It baffles me how ALL of Maycomb knows about the legend, yet very few people in this lousy, sleepy town even know my actual name. I can't help but wonder how on Earth anybody in their right or left mind can even manage to come up with such a ridiculous nickname. I mean, just how the hell can someone find a way to turn Arthur into a name like Boo? The two names aren't even remotely similar in any way, at least that I could think of.
There I was again, lost in my own thoughts, I hadn't even been paying attention to my damn wood carving of my old neighbor, Miss Maudie. Her eyes were now lopsided, and her nose looked like Pinocchio's. This irked me, I knew I would have start over on her carving; I hated not accurately representing a person.

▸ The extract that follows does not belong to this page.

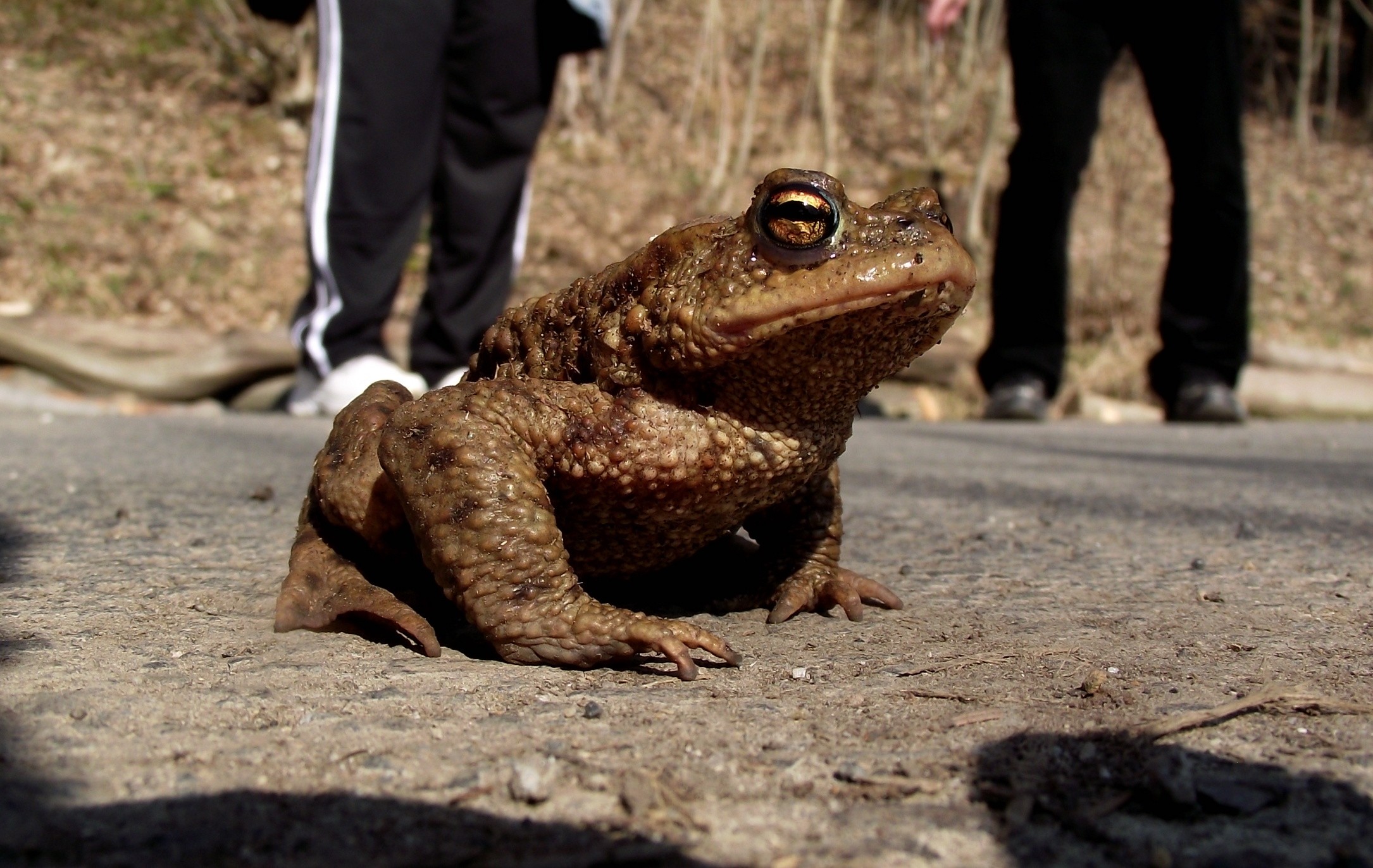 Poté již scházíme dolů pod hrad k broumovským rybníkům. Někdejší součást místního pivovaru a Frantova dětství poskytne „sbírku žabiček“, příjemné prostředí i jakýsi závod rybářů, u kterého jeho účastníci řvali, jako by chtěli dokázat, že ryba je netečný hluchý tvor a při rybolovu skutečně záleží jen na nabízené laskomině. Tuto část dne jsme pojali opravdu jen jako příjemnou procházku za neustálého debatování na všechna možná i nemožná témata. Tady také vznikla úvodní fotografie a druhá část názvu tohoto článku. My jsme si totiž také zasoutěžili, a to o nejlepší snímek na asfaltu lenošící žáby (lenošilo jich tam hodně, ale některé už to měly navždy a byly také již méně fotogenické). A protože jsem člověk skromný, neprozradím, kdo nakonec vyhrál …

If the carving was terrible, then so be it, as long as they were what I wanted them to be.
I threw my dull carving knife into the figure then continued whittling away the walls of my room, so that I could get Miss Maudie right. I always close the blinds so that nobody can take a peep through the windows. One might think that it would be dark in here with the curtains drawn. It isn't really all that dark in there really, although, that is just my eyes having gotten adjusted to the dim light I suppose.

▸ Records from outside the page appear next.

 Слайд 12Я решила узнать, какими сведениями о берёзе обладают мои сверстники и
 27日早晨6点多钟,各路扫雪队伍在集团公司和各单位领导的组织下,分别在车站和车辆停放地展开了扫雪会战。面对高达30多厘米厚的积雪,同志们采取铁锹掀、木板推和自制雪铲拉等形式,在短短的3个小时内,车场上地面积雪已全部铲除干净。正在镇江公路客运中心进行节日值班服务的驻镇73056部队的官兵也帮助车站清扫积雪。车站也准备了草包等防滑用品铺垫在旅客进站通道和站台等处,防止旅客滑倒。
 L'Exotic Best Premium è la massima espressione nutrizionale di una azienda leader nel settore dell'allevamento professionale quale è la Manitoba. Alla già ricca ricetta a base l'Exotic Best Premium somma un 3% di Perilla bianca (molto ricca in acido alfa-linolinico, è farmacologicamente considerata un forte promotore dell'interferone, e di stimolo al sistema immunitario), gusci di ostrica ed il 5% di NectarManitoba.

Since I was a young teenager, I have been torturing my poor walls. On an almost hourly basis, they would be forced to bleed piles of sawdust. Quite honestly, those damned walls look a lot better with those crude carvings of the people I used to know, it made the place a little less dull. The carvings are almost always horrible only because I carve them from memory, which is quite terrible, but I am occasionally awarded with the pleasure of getting the face of a memory just right. Though my one regret about developing this habit of mine are those eyes. Those puny eyes haunt me at night, they watch me in my sleep, they remind me of what I did those many years ago.

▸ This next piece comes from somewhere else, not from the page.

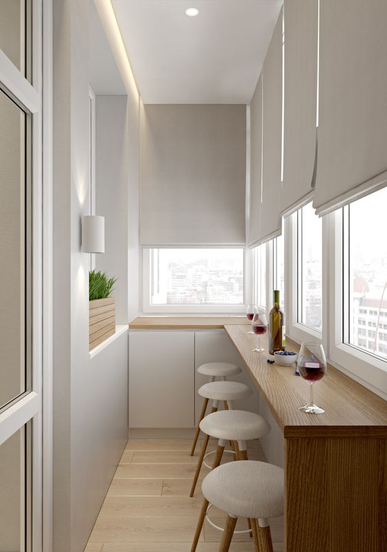 Яркий уютный балкон может быть прекрасным местом для отдыха и проведения времени. Но возникает одна проблема: мало места. Если же на балконе соорудить подоконник-столешницу и поставить пару стульев, можно создать удобное место для чаепитий и наблюдений за природой.
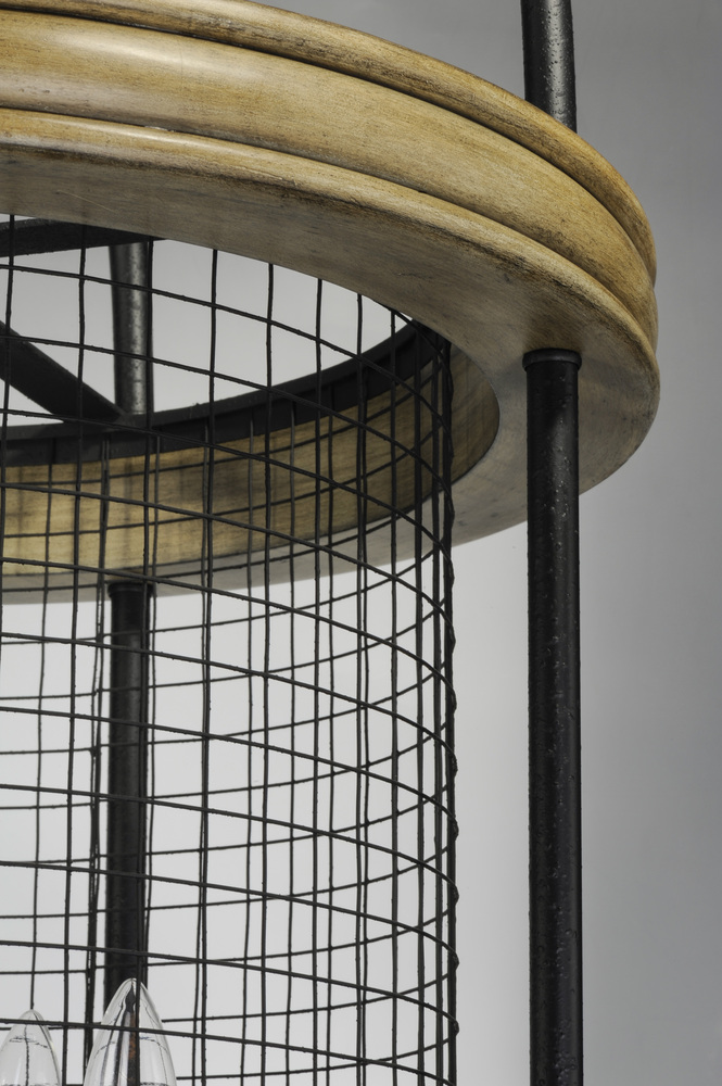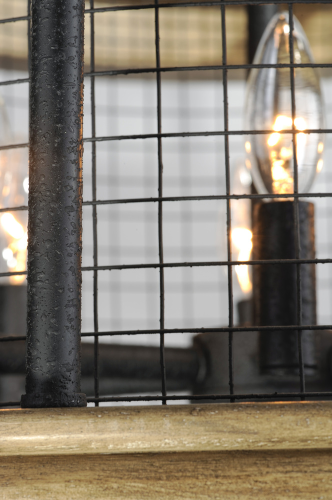 Rings of solid wood finished in Driftwood adds dramatic contrast to the Textured Black mesh and metal in this Industrial Country design. The use of mixed materials and textures create a striking design sure to enhance the beauty of your room.

I dug my knife into the wall with difficulty, the blade was getting very dull, beyond sharpening it to its original state. Sighing in defeat, I surrendered my artwork, I'd been at it for nearly an hour now, and my hand was cramping from holding onto the handle of my carving knife for so long.
I sat on my bed, staring off into no where. When I am just about to doze off, there is a light pat on the sagging house. I could feel it in my bones. Chills go up my spine. I didn't want anyone on my property, let alone, touching my house. When I am sure whoever touched my house is gone, I take a peep out the window from under the curtains. And what do I spy with my little eye? Not one, not two, but THREE children running up the street away from my house, two boys and a girl. I swear one of the boys could have been a toddler, and had it not been for the hair, I would have probably mistaken the girl for a boy. I drew back from the window, and resisted my instinct to get my gun and shoot in their direction to scare them off. Negroes, dogs, cats, and white men alike are all dangerous, but children are fatal. I didn't want to have to deal with all the commotion, or all the people that would be drawn to the house if I shot at them. I did my best to disregard the incident and went back to working on my carving of Miss Maudie, though my hand was shaking from slight terror.
One might ask me- Arthur, why should you fear them? They are only children.
I fear children for the same reason I fear everyone else.